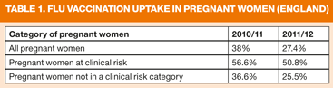 Early uptake of H1N1 vaccine by pregnant women was extremely poor due to healthcare providers either not offering, or actually advising against, vaccination, and also to many women's concerns over vaccine safety. Rates in 2010-2011 were 36.6%, still far below recommended levels of 60%.6 Hence, there is still a clear need to promote the benefits of seasonal flu vaccine, not only to the women themselves, but also to healthcare professionals.4
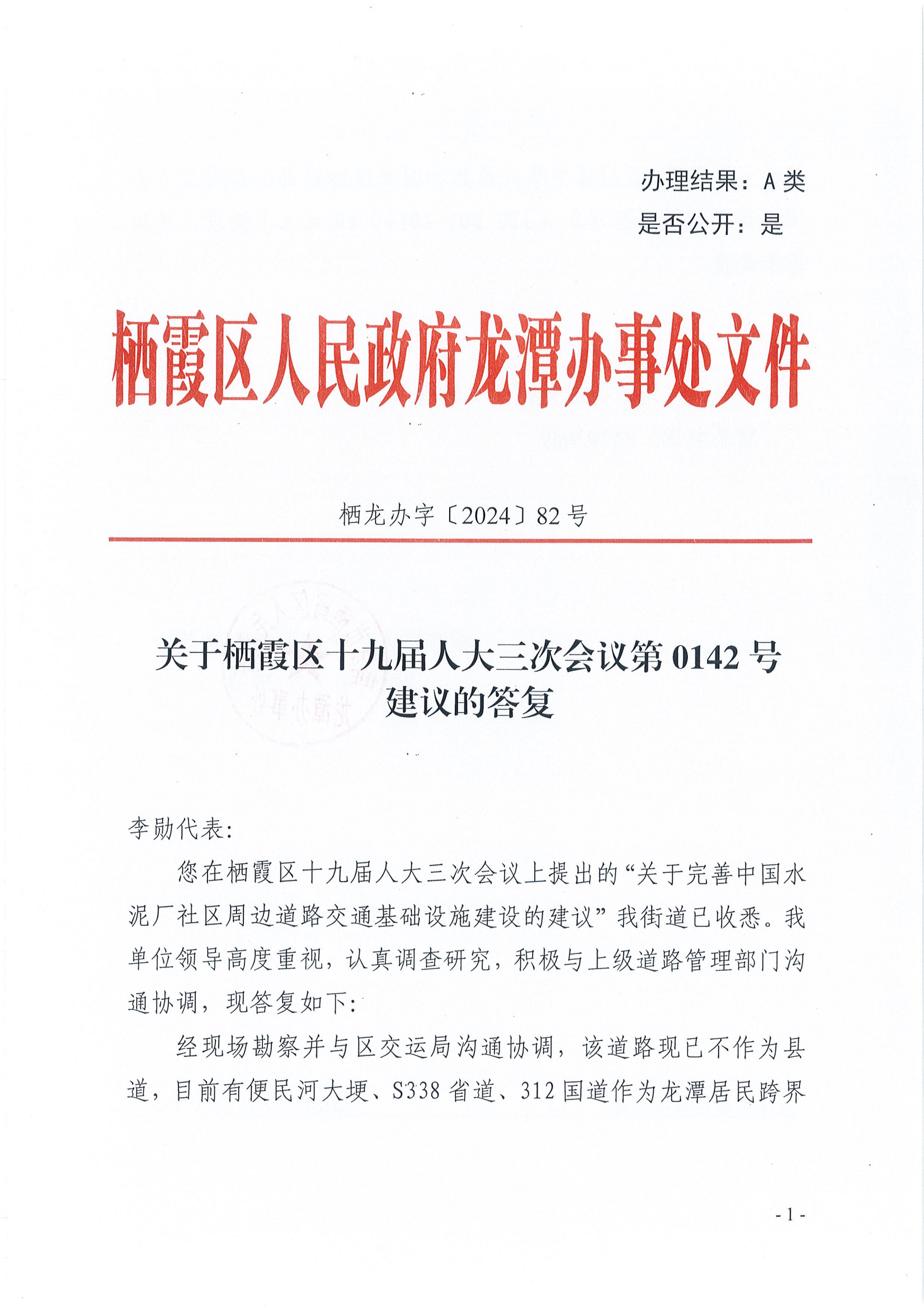 信息名稱:    棲龍辦字[2024]82號關于棲霞區十九屆人大三次會議第0142號建議的答復
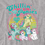 Heather gray t-shirt with a rainbow backdrop and six colorful vintage My Little Pony characters beneath the phrase “Chillin’ with My Ponies.”
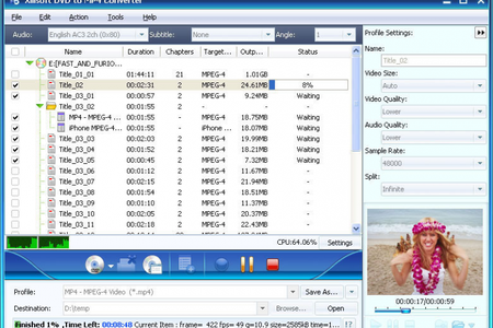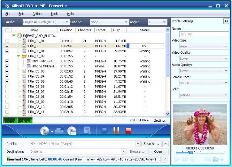 Xilisoft DVD to MP4 Suite - это набор инструментов для риппинга DVD-видео в формат MP4 для мобильных проигрывателей. Также, DVD to MP4 Suite позволяет конвертировать видео из популярных форматов, таких как AVI, MPEG, DivX, MOV, RM, WMV, 3GP, VOB, H.264/MPEG-4 AVC, DV, XviD, H.264/PSP AVC в формат для воспроизведения на мобильных плеерах.
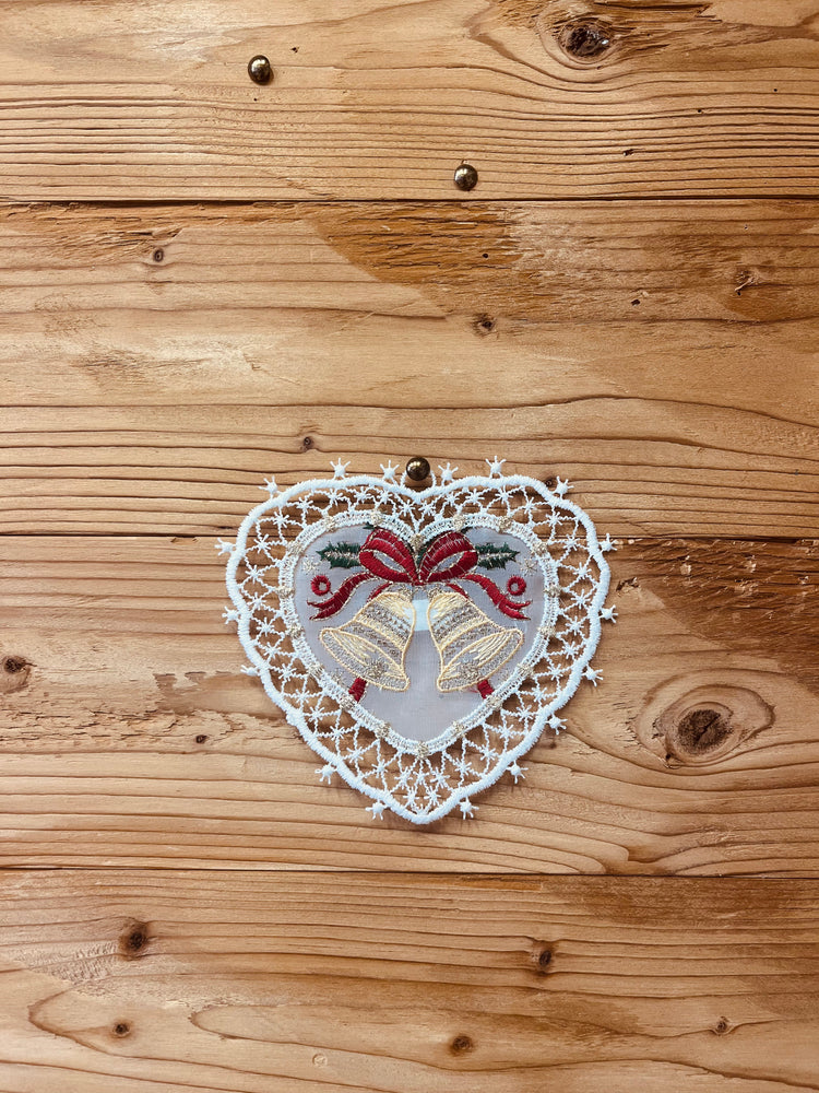 Decoro in pizzo semi rigido da attaccare ai vetri delle finestre con asola per poter infilare la ventosa.
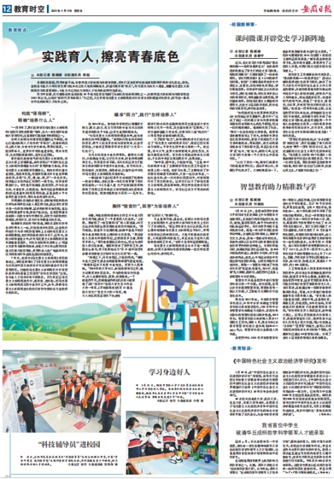 《安徽日报》4月9日在12版 “教育时空”栏目用较大篇幅报道了学院深入开展“马克思主义新闻观”教育。全文以《实践育人,擦亮青春底色》为题,从构筑“课程群”, 明确“培养什么人”;瞄准“四力”,践行“怎样培养人”;胸怀“指南针”,回答“为谁培养人”等3个模块,具体阐释了学院以培育“新时代青年新闻人”为己任,大力开展马克思主义新闻观的教育教学实践和理论研究探索,探寻出一条具有特色的新闻人才培养之路。此外,安徽日报客户端在3月22日还以“安师大bat365在线中国登录入口加强校媒融合教学”对学院加强校媒融合、实践育人所取得的丰富成果做了推介报道。
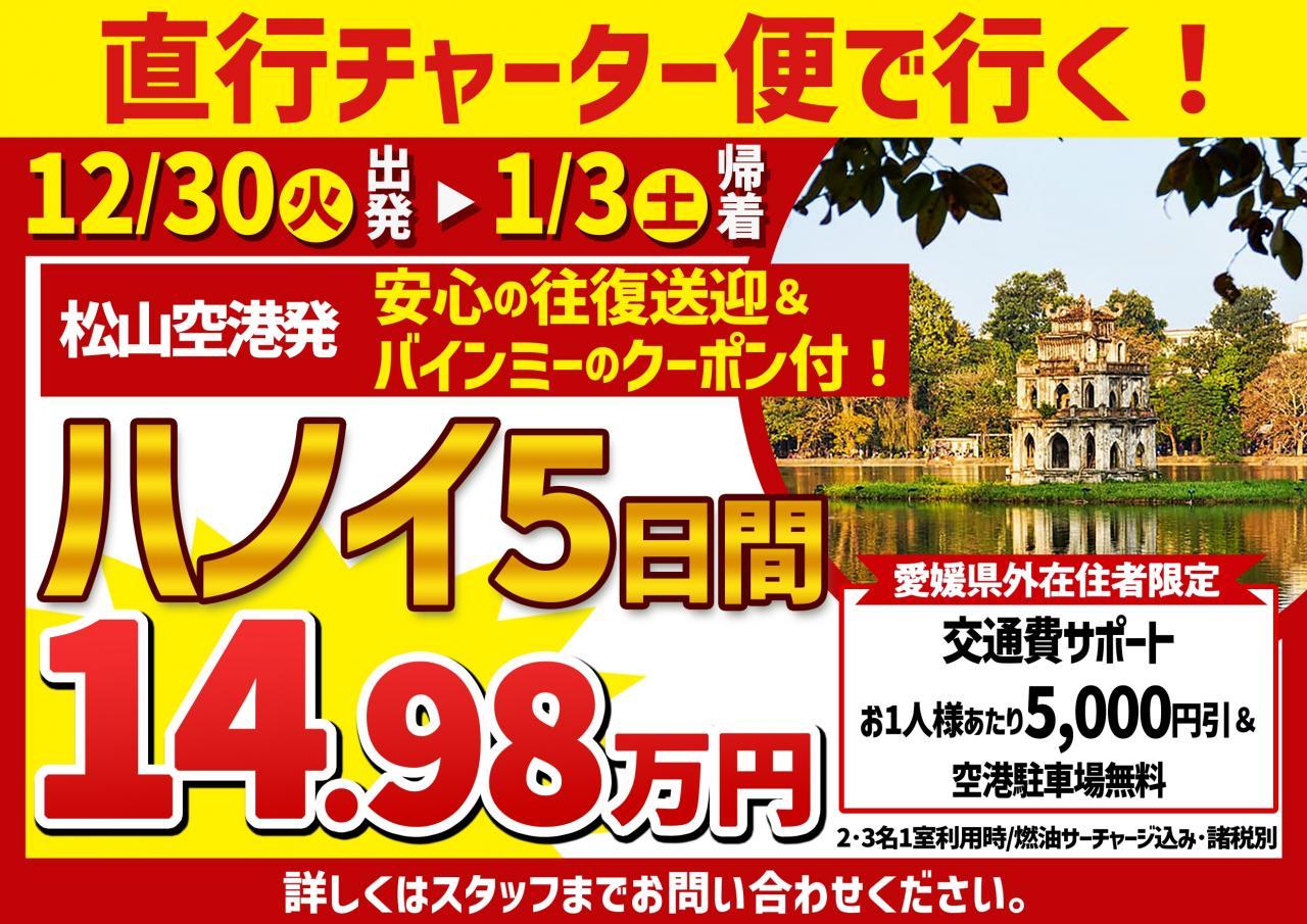 【年末年始チャーター】松山空港ハノイ チャーター商品発売開始 2025/08/21
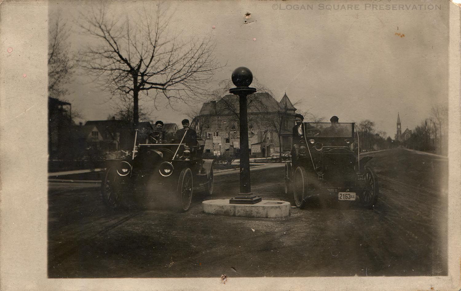 Real-photo postcard view of two automobiles stopped near lamp post at northwest corner of Palmer Square. Bricklayers are building walls of house at 3120 W. Palmer behind the lamp post, with real estate for sale signs posted on empty lot at 3128 W. Palmer and advertisement for Riverview Exposition. Back of cottages and 2-flats along Lyndale St visible on left, St. Sylvester church visible at the far east end of Palmer Square on right. April 1909Subject Place
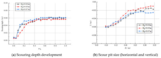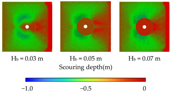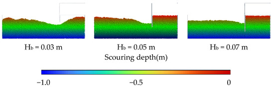 Figure 21 displays the equilibrium state scour pits under three bucket heights (Hb = 0.03 m, 0.05 m, and 0.07 m). At Hb = 0.03 m, significant scouring occurs around the bucket foundation, with erosion observed upstream, laterally, and beneath the structure, leading to under-base hollowing that threatens stability—consistent with flow field analysis results. As the bucket height increases to Hb = 0.07 m, the scour extent slightly expands compared to Hb = 0.05 m. Figure 22 further validates these findings through upstream longitudinal profiles: severe under-base erosion is evident at Hb = 0.03 m, while increasing the bucket height reduces localized erosion but significantly enlarges the scour extent.
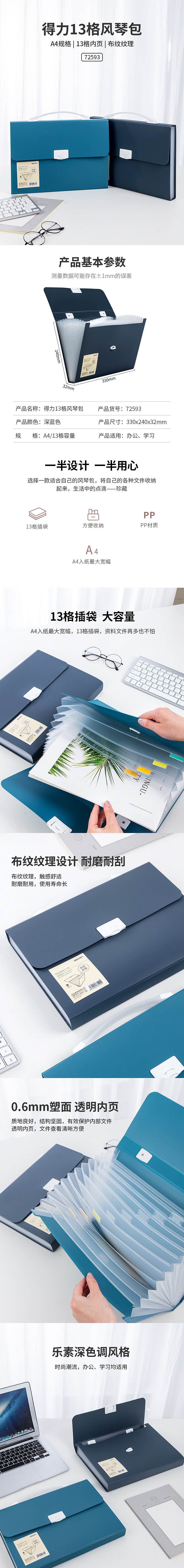 商品标题:得力72593_A4/13格风琴包(深蓝)(单位:个)
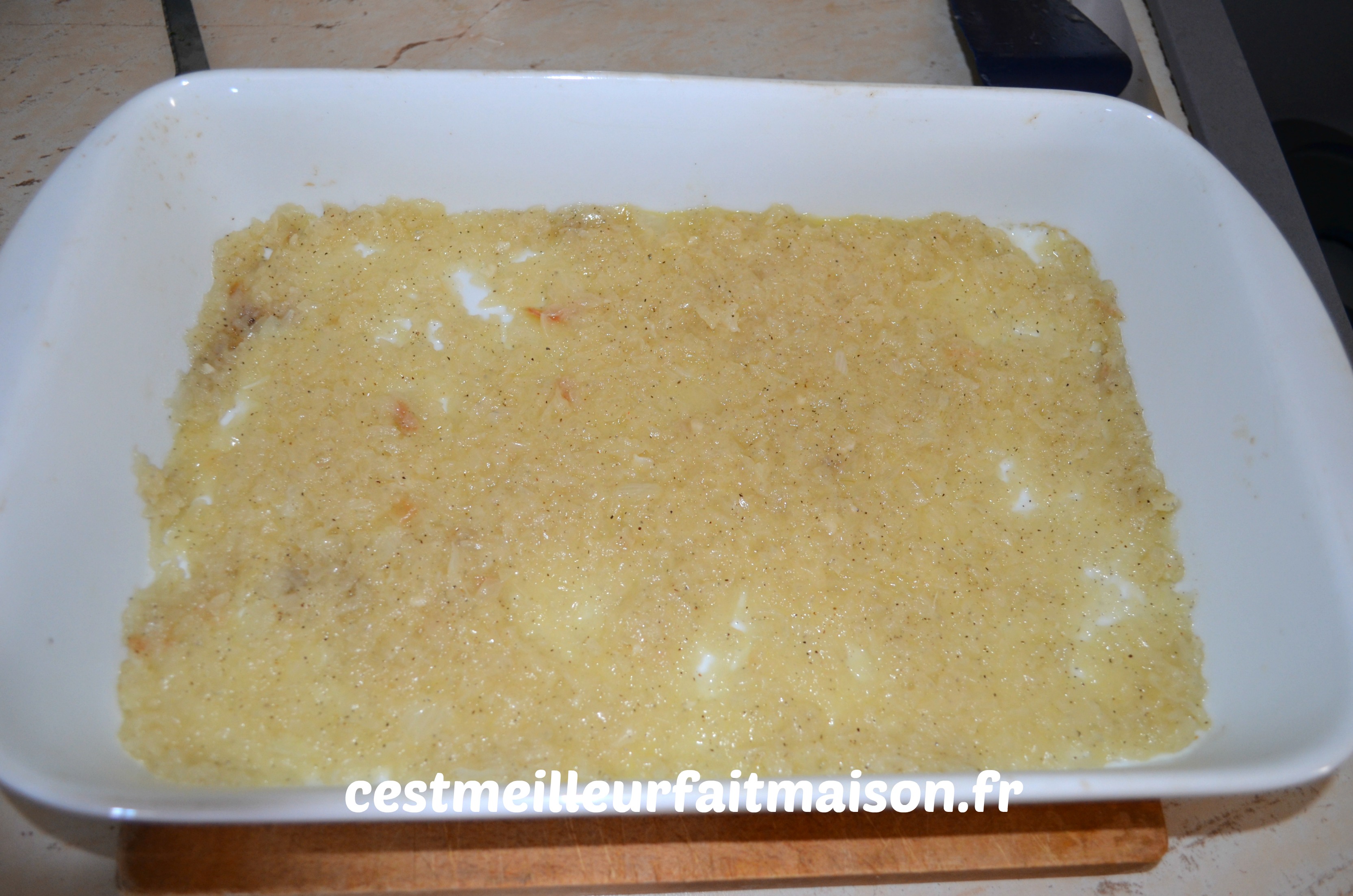 3- Verser cette fondue d’oignon au fond d’un plat allant au four.
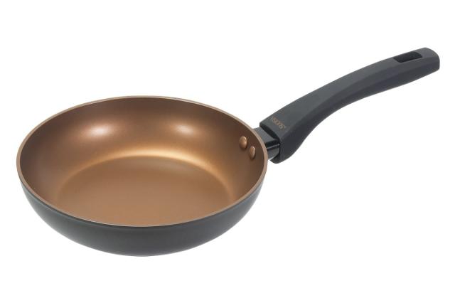 美しく洗練されたアンバーカラーは、加熱中の食材の具合が見やすく、調理のタイミングを逃しません。内面・外面・ハンドルのカラーが統一された華やかなゴールドと、側面とハンドルをブラックカラーで引き締めたクールなブラック。どちらも今までのフライパンにはないデザイン性の高さで、毎日の料理を楽しくしてくれます。

- TASK TO COMPLETE
Take the line containing "商品标题:得力72593_A4/13格风琴包(深蓝)(单位:个)" and every line after it through the end of the data, and write them out exactly, with no pictures.

- WRITTEN SOLUTION
 商品标题:得力72593_A4/13格风琴包(深蓝)(单位:个)
 3- Verser cette fondue d’oignon au fond d’un plat allant au four.
 美しく洗練されたアンバーカラーは、加熱中の食材の具合が見やすく、調理のタイミングを逃しません。内面・外面・ハンドルのカラーが統一された華やかなゴールドと、側面とハンドルをブラックカラーで引き締めたクールなブラック。どちらも今までのフライパンにはないデザイン性の高さで、毎日の料理を楽しくしてくれます。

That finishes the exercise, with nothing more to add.